INFORMATION SUPPLIED —
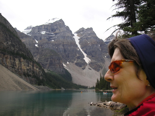 As usual, the "rest day" in Lake Louise involved riding about 30 miles. That's why we now call them layover days, since there is usually some physical activity involved for most of us. The main group hiked from Lake Louise to the first tea house, a 6 mile round trip. Some stayed at the lodge, one couple caught a bus to Banff and spent the day, others rode. Kerie and I chose to get a late start and ride up to Moraine Lake.
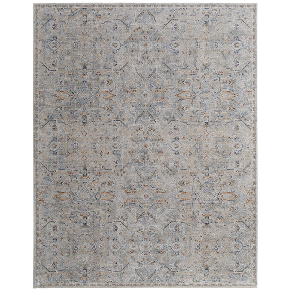 - The bordered area rug design exudes sophistication, while the medallion-inspired pattern in shades of grey and blue adds a touch of charm and intrigue to your space.
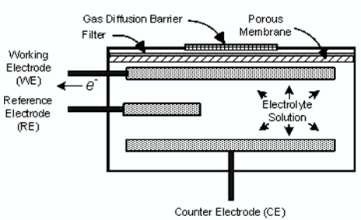 Senzorul este format dintr-un electrod de lucru, un contraelectrod, un electrod de referință și un electrolit. Senzorii electrochimici funcționează ca bateriile. Când gazul țintă este prezent, o reacție chimică pe electrodul de lucru generează o mică sarcină electrică între doi electrozi, proporțională cu concentrația de gaz.

PROBLEM REQUIREMENTS — Each line from the line containing "- The bordered" through the final line of the data above must be retyped exactly; nothing else, and no pictures, may appear.

ANSWER SECTION —
 - The bordered area rug design exudes sophistication, while the medallion-inspired pattern in shades of grey and blue adds a touch of charm and intrigue to your space.
 Senzorul este format dintr-un electrod de lucru, un contraelectrod, un electrod de referință și un electrolit. Senzorii electrochimici funcționează ca bateriile. Când gazul țintă este prezent, o reacție chimică pe electrodul de lucru generează o mică sarcină electrică între doi electrozi, proporțională cu concentrația de gaz.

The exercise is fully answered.